Blue chip stocks are not typically known for arousing excitement. By definition, blue chip companies are reliable and have the ability to operate profitably regardless of the economic environment. They are usually large, boring companies that have been in the market for decades. While Intel (NYSE:INTC) fits this definition fairly well, it could provide more excitement to portfolios than investors realize. Let’s look at three reasons why the world’s largest computer chipmaker may or may not belong in your portfolio.
The consumer shift from desktop computers to mobile devices has been well-publicized in recent years, but Intel continues to find a way to generate solid earnings. In the first quarter, Intel’s net income climbed 3% year-over-year to $2 billion, while earnings per share jumped 8% to $0.41. The semiconductor’s data center group, which represents sales of chips to servers, surged 18%, helping to offset its PC client group sales that slipped 8% in the first quarter.
“Year-over-year revenues were flat, with double-digit revenue growth in the data center, IoT and memory businesses offsetting lower than expected demand for business desktop PCs,” said Intel CEO Brian Krzanich. “These results reinforce the importance of continuing to execute our growth strategy.”
On the other hand, Intel’s quarterly results only matched Wall Street’s expectations. The bar was even set lower since Intel cut its revenue forecasts earlier this year. In February, Intel revised its first quarter outlook from $13.7 billion, plus or minus $500 million, to $12.8 billion, plus or minus $300 million. The actual figure came in at $12.8 billion, unchanged from the same quarter a year earlier.
Despite being considered “old tech,” the potential is great at Intel. The company’s Vietnam plant is responsible for 80% of all semiconductor chips used in computers around the world. Nonetheless, the decline in worldwide PC shipments does not appear to be over as the first quarter posted a 5.2% year-over-year drop. Windows 10 may help alleviate this weakness eventually, but it’s too early to tell.
Aside from its traditional chip business, Intel has some interesting products coming out that resemble “new tech” innovation.
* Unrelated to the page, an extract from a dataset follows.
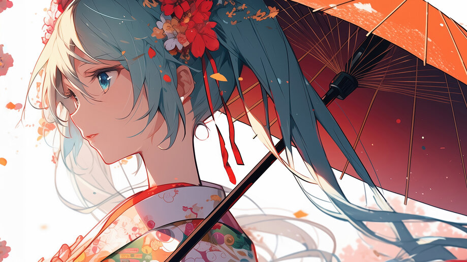 2185b | Hatsune Miku, Kimono, Anime, Girl, 4K Wallpaper
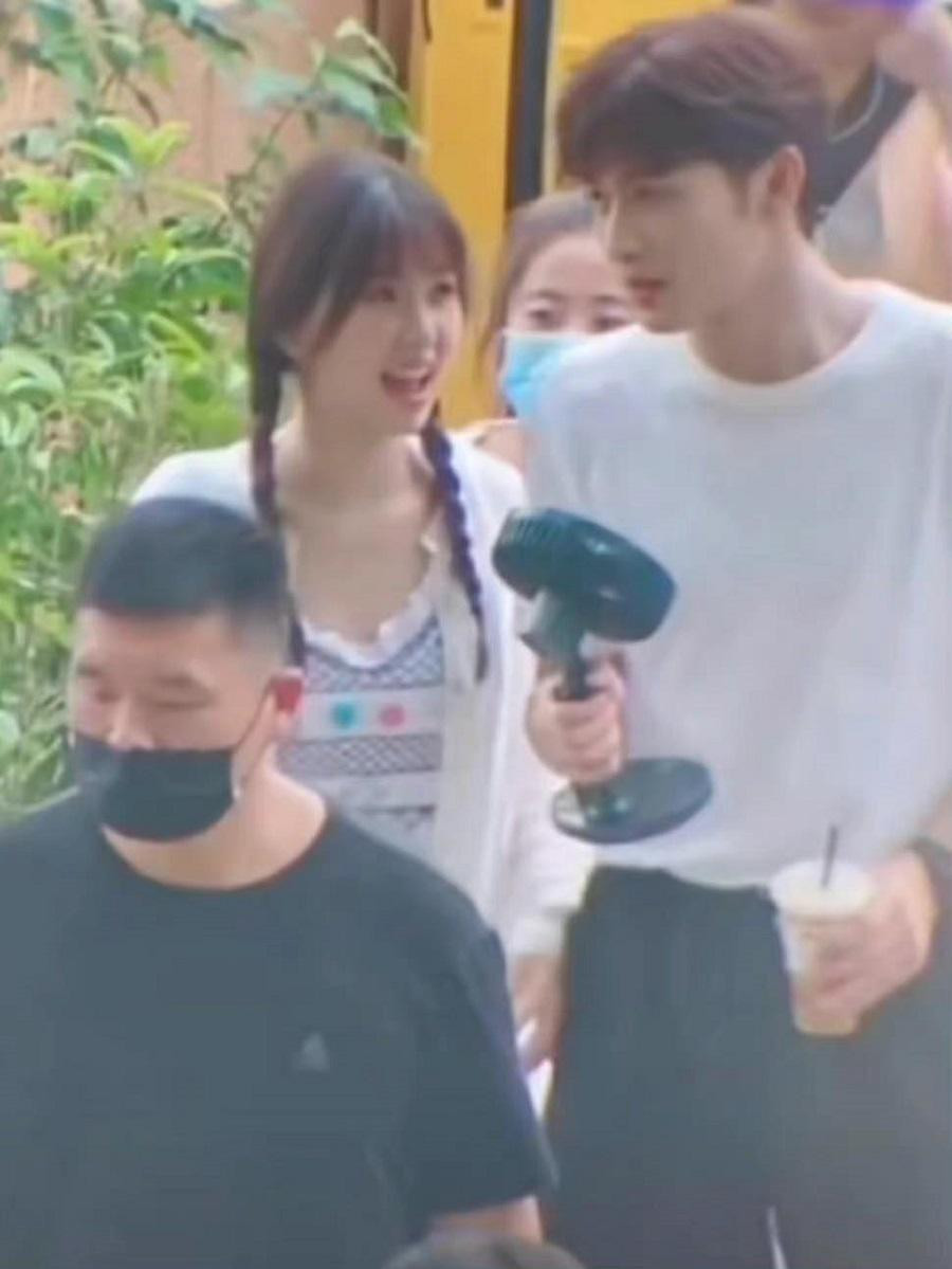 | Ngu Thư Hân và Trương Bân Bân trên phim trường. |

At this year’s Consumer Electronics Show, Intel unveiled its $150 Compute Stick, a fully functional Windows computer that looks like the Amazon Fire Stick or Google’s Chromecast. However, it will plug into an HDMI monitor and will be used for light productivity jobs, Web browsing, streaming media, and social networking. Essentially, it will be the cheapest option for a non-portable computer.
Intel also demoed a button-size wearable computer, called Curie. It will include motion sensors and components to track various kinds of physical activity. Intel has partnered with Luxottica, the maker of Ray-Ban and Oakley, to use Curie in smart glasses. Wearable tech has yet to go mainstream in terms of glasses, but the possibilities are intriguing.
Intel’s stock performance over the past two years could be seen as a blessing or a curse. After dropping 15% in 2012, shares of Intel rebounded 26% in 2013. Last year, shares surged 40%, making it the best performer in the Dow Jones Industrial Average. The trend could be your friend, or a significant amount of Intel’s potential could already be priced into shares. Either way, investors should be cautious as Intel has suffered a rough start to 2015.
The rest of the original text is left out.